Meditatie – Psalm 25:7
Open de poort!
‘Verhef u, o aloude ingangen, de koning vol majesteit wil binnengaan’ (Psalm 24: 7)
Een koning meldt zich bij de poort en vraagt toegang. De psalmist dringt er op aan hem binnen te laten: ‘Hef uw hoofden omhoog, o poorten!’ Vreemd beeld eigenlijk: de koning die verzoekt binnen te mogen. De koning is volgens vers 1 namelijk ‘de Heer van de wereld en van al wat leeft.’ Moet die koning toestemming vragen binnen te mogen? De koning moet dat niet, maar blijkbaar is dat de wijze waarop hij koning wil zijn. Zo wil hij met zijn wereld en mensen omgaan. Hij grijpt niet naar de stormram om de poort te openen. Hij forceert niets. Hij dringt niet binnen en dringt zich niet op, maar wacht tot de poort van binnenuit opengaat.
In onze beleving zijn wij zelf de wachtenden. Wij wachten op God en vragen ons af waar Hij blijft. Die gedachte komen we in de Bijbel ook tegen. In psalm 24 wacht God echter op ons. Hij wacht tot Hij welkom wordt geheten. Tot de poorten zo wijd open gaan en de dorpels zich zo ver uitrekken, dat de koning ruim baan krijgt.

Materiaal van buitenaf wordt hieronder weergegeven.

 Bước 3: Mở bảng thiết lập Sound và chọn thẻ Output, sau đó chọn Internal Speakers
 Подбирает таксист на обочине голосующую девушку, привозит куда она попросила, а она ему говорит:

Onze wereld kent poorten en grenzen die open gaan of vergrendeld worden. Dat laatste gebeurt als iets of iemand ons angst aanjaagt. Dan sluiten we ons af voor bepaalde mensen of bepaalde ervaringen. Er is geen ruimte voor, we staan er niet voor open. Dat is soms nodig. Er is een grens aan wat en wie je toe kunt laten. Poorten zorgen voor veiligheid en bescherming.

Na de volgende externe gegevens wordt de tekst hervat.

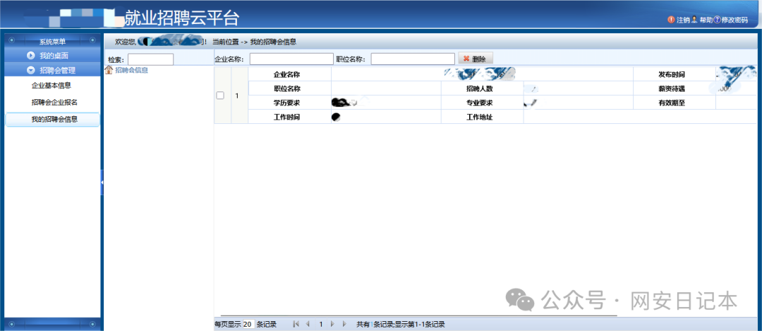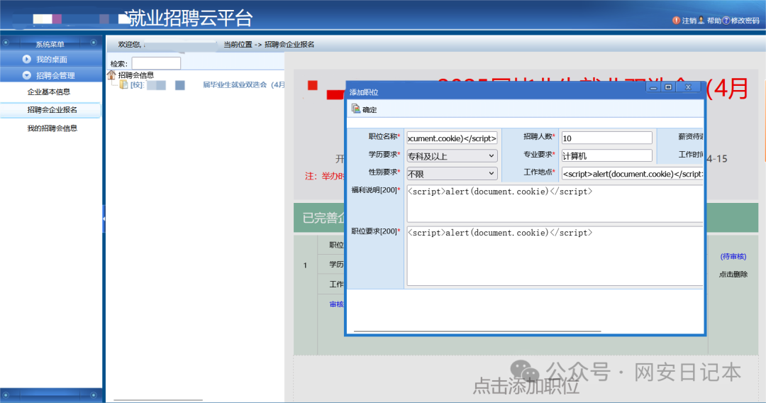 成功注册登录之后,发现功能点也很少,但是好在站点比较老旧,感觉很容易出洞。在点击 “招聘会企业报名” 中发现可以发布招聘信息,尝试在招聘信息中插入XSS语句。

Jaagt ook deze koning angst aan? Even lijkt het daar wel op. ‘Het is de Heer, machtig en heldhaftig, de Heer heldhaftig in de strijd!’ Dat klinkt dreigend en doet denken aan legers en wapens, oorlog en geweld. Gaat deze koning zijn partijtje meespelen in de strijd tussen landen en volken en de botsing van culturen? Maar dan wordt de vraag wie deze koning is, herhaald.
Het tweede antwoord is anders. Het noemt deze koning de Heer van de hemelse machten. De hemelse machten zijn de engelen. Die vormen ook wel een leger, maar een leger des heils. Een leger dat het land niet in duisternis stort, maar licht verspreidt en vreugde brengt. Een leger dat de vrede verkondigt. Van dat leger is God koning. Hij is de koning van de vrede. Wie die koning binnenlaat, zal op zijn beurt op vrede uit zijn.